───── RECORDS FOR PROCESSING ─────
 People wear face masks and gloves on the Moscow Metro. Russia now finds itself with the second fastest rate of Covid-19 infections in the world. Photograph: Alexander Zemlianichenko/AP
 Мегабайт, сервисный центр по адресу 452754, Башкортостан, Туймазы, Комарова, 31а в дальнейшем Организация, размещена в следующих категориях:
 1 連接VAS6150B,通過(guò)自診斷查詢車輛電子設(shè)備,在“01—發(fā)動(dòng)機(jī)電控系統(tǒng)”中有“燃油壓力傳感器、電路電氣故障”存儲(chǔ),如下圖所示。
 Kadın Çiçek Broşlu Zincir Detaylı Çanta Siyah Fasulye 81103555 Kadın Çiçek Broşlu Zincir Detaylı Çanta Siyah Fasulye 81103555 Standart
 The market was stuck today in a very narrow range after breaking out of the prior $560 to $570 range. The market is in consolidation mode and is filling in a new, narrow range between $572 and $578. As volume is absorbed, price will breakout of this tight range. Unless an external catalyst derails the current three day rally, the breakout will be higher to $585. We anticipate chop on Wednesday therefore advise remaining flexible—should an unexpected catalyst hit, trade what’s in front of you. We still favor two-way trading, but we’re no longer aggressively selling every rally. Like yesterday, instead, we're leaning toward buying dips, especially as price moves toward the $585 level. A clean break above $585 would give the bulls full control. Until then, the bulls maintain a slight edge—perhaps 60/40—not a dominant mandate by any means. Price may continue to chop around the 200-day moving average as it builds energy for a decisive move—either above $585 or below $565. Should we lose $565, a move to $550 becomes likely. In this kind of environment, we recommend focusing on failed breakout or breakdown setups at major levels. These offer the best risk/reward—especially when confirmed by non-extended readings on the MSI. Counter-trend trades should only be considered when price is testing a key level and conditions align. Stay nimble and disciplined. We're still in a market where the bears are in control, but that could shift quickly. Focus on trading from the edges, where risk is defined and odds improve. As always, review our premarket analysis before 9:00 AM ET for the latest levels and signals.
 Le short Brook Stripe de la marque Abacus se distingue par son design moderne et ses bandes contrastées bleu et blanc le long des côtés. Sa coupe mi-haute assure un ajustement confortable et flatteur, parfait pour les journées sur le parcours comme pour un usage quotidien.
─────
───── RECORDS FOR PROCESSING ─────
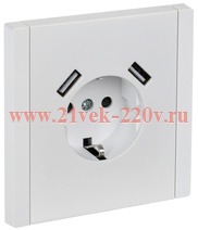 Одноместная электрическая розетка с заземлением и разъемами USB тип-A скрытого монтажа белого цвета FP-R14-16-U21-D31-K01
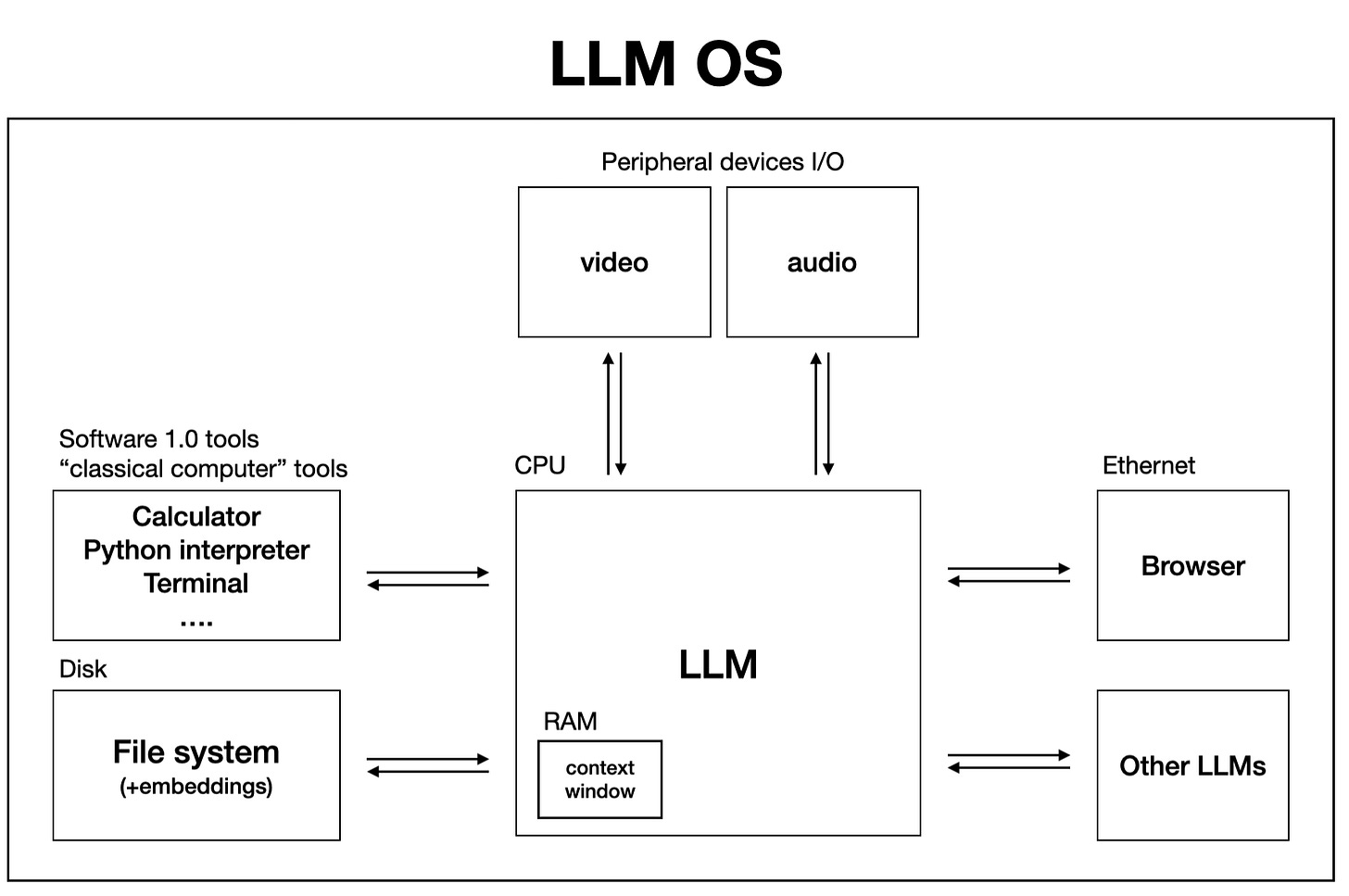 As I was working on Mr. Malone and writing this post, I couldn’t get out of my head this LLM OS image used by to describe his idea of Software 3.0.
─────
▶ **EXERCISE REQUIREMENTS**
Copy nothing but the lines above that run from the one with "Одноместная электрическая розетка" to the one with "As I was working", ends included; pictures stay out.

▶ **EXERCISE RESULT**
 Одноместная электрическая розетка с заземлением и разъемами USB тип-A скрытого монтажа белого цвета FP-R14-16-U21-D31-K01
 As I was working on Mr. Malone and writing this post, I couldn’t get out of my head this LLM OS image used by to describe his idea of Software 3.0.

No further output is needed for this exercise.